Elias est très étonné.

— Mais vous n’êtes pas allés à l’hôtel?

— À l’hôtel? Ils n’ont pas voulu de nous. Et tout est plein.

Le garçon reste longtemps silencieux. ...

Il regarde l’homme, et la femme. Et le bébé.

Puis il se décide.

— Ecoutez... j’ai peut-être une idée. Je vous prête ma cruche à feu. Et puis...

— Et puis? dit la femme.

— Eh bien, je pourrais prendre le petit dans mes bras pour le réchauffer. Comme l’ours m’a montré. Si vous êtes d’accord?

— Oh merci, dit la femme. Tu sauras très bien faire cela, j’en suis sûre.
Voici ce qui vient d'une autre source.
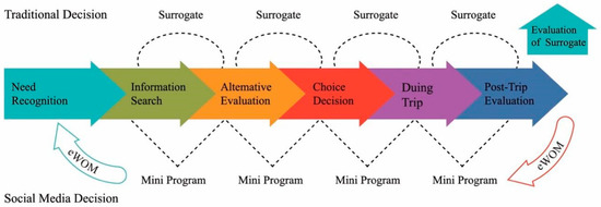 The simplified model of mini programs replacing surrogates in the decision-making process (Solomon, 1986). E-WOM: electronic word of mouth.
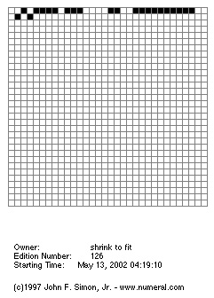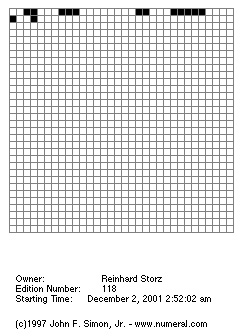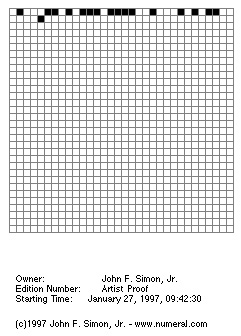 ![]() ![]() ![]() On 27 January 1997 at 09:42:30 the graphics program consisting of 32 x 32 white panels began. At the top left, the Java applet started a countdown, as black panels started to join together, moving to the right from field to field at a pace that halved with every panel. The exponentially declining speed with which the black panels move to the right and downwards communicates a perception of time that is not that of human beings. In the artist’s estimation, it will take 16 months to play out all of the 4.3 million combinations of white and black panels on the top line. To complete the second line, it will take about 6 billion years. The title of the work, “every Icon”, plays on the fact that over the period that it will take for all the panels to turn black, to which it is almost impossible to attach a figure, all of the image combinations, both identifiable and meaningless, will appear that it is possible to construct on a fremework of 1024 panels.

Elias prend le bébé dans ses bras, doucement, tout contre lui. Il le serre avec précautions. Il le réchauffe. Et tout à coup, mais? Il ne comprend pas ce qui lui arrive. Il sent que son cœur devient chaud, mais chaud... Il y a en lui comme un feu merveilleux, et ça vient de ce petit enfant qu’il tient dans ses bras! Ça vient de la chaleur qu’il a donnée, lui, Elias.

Il se sent tout heureux, comme il ne l’a jamais été. Il se met à chanter, comme un ange... Et on raconte que plus jamais il n’a eu froid, ni sur la peau ni dans son cœur.